Aaron Mallory of HP explored the benefits of color profiling and HP’s partnership with EskoArtwork as well as its seamless integration of a powerful software suite with the HP SmartStream workflow family. Owners of HP Indigo ws4000, ws4050, ws4500 and WS6000 digital presses benefit from the ability of this automated digital front end. Third party barcodes are even built into the software, and the user also can accommodate 2-D barcodes, perform step and repeat, and create their own variable data. The HP Label & Packaging SmartStream Color Kit, called the Kaleidoscope color management system, uses colormetric and spectral data to perform its calculations. It can reproduce color profile targets on press to determine the color gamut of the press while printing on the actual substrates for the job, thus ensuring color-consistent accuracy that’s measurable by using the system’s spectrophotometer. In combination with an extended color gamut system (six colors plus one white), spot colors are virtually unnecessary.

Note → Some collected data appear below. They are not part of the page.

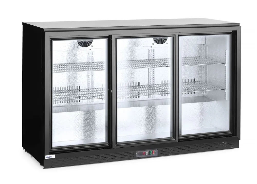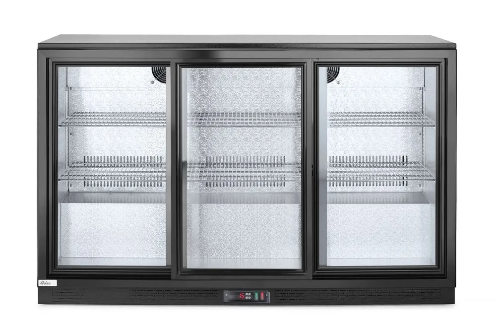 Backbar koelkast met drie schuifdeuren, Arktic, 254L, Zwart, 220-240V/160W, 1350x520x(H)865mm
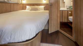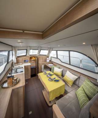 Beim Bootstyp AC mit Achterkabine und erhöhtem Führerstand steht den Gästen Raum für sechs Personen zur Verfügung. Zwei separate, luxuriöse Kabinen sind mit Doppelbett und eigener Dusche/WC ausgestattet und bieten gemütliche Schlafgelegenheiten für vier Personen. Ein grosszügiger Salon mit Küche und Esstisch lädt zum Verweilen ein. Im Salon können zwei weitere Personen übernachten. An Deck gibt es ein komfortables Sofa. Das Achterdeck lässt sich mit einem grossen Verdeck vollständig abschliessen und beheizen. Bei sonnigem Sommerwetter lässt es sich rundum öffnen.
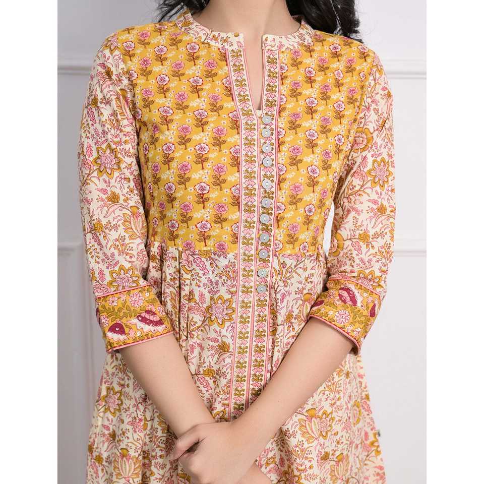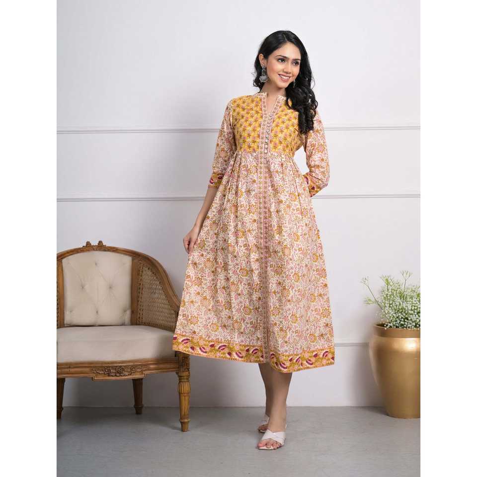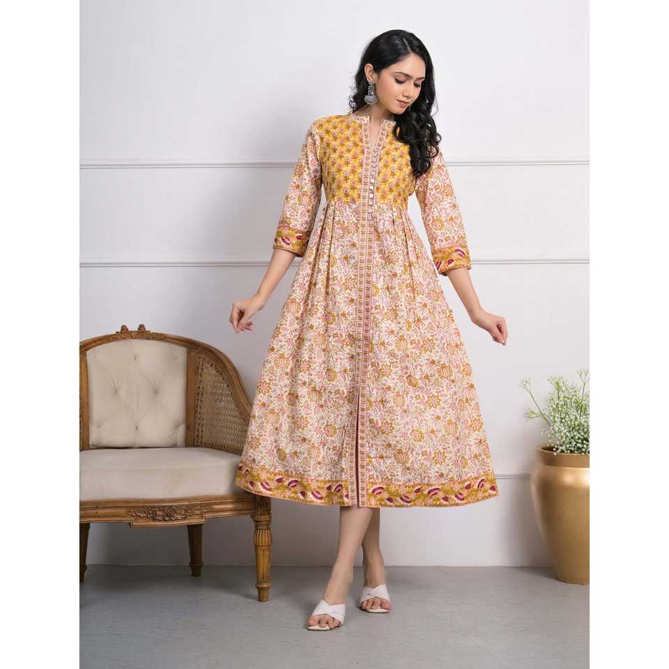 เดรสผ้าฝ้ายสีเหลืองพิมพ์ลายบล็อกทรงเอไลน์ยาว ดีไซน์หรูหรา สไตล์ลำลองสำหรับผู้หญิง สไตล์ฮิปปี้ เอวทรงเอ็มไพร์ ระบายอากาศได้ดี ยาวถึงพื้น

Procter & Gamble associate director of R&D Global Packaging Mike Ferrari related the battle of the store shelf and the moments of truth involved in making a sale. Packaging must assist in energizing consumers with invigorated brand communication, said Ferrari, enhance brand image, and execute with excellence by eliminating defective printing to reinforce brand trust and quality.
Matthew Gindele of HP encouraged audience participation with a Digital Printing Myth busting session. He examined such things as how digital may complement flexo, the level of printing complexity digital can attain, whether digital can improve inventory management, and more.
A Q&A session, moderated by Chris Lyons, included the following panelists: ILS president Jay Dollries, P&G’s Mike Ferrari, HP’s Vince Pentella, and Avery Dennison’s Diane Ewanko. Attendees were encouraged to ask questions and voice nagging concerns. A walking tour of the 10,000 sq-ft digital department at ILS included up-close looks of the company’s equipment capabilities. The centerpiece, of course, was the newly installed HP Indigo WS6000 that complements two HP Indigo ws4500s (purchased 2005); two AB Graphic Digilams and the first US installation of a new AB Graphic Digicon; and a Karlville Shrink Sleeve Finishing system for seaming, inspection, and cutting along with a steam shrink tunnel.
The highlight of the tour focused on the WS600, capable of printing seven colors (including an improved white) at speeds to 98 fpm in four colors (faster with fewer colors) on nearly any media at print resolutions up to 1,219 dpi. Suitable for production of 38.6-in. wide (maximum) folding cartons, pouches, sachets, and labels, the press is expected to be a key component in the company’s further expansion into shrink sleeve labels.
President Jay Dollries related that ILS runs two shifts in the digital department, requiring only one operator to handle several presses. All operators are cross-trained to run all equipment, including the HP digital presses, the Digilams and Digicon, as well as the Karlville shrink sleeve equipment. Dollries revealed, “The quality is better than flexo and comparable to offset and gravure with no registration issues.“ As for support, Dollries says, “ HP has been there to support us in a number of avenues. It’s a win-win solution for both; a nice, open relationship where the goal is for both of us to succeed.”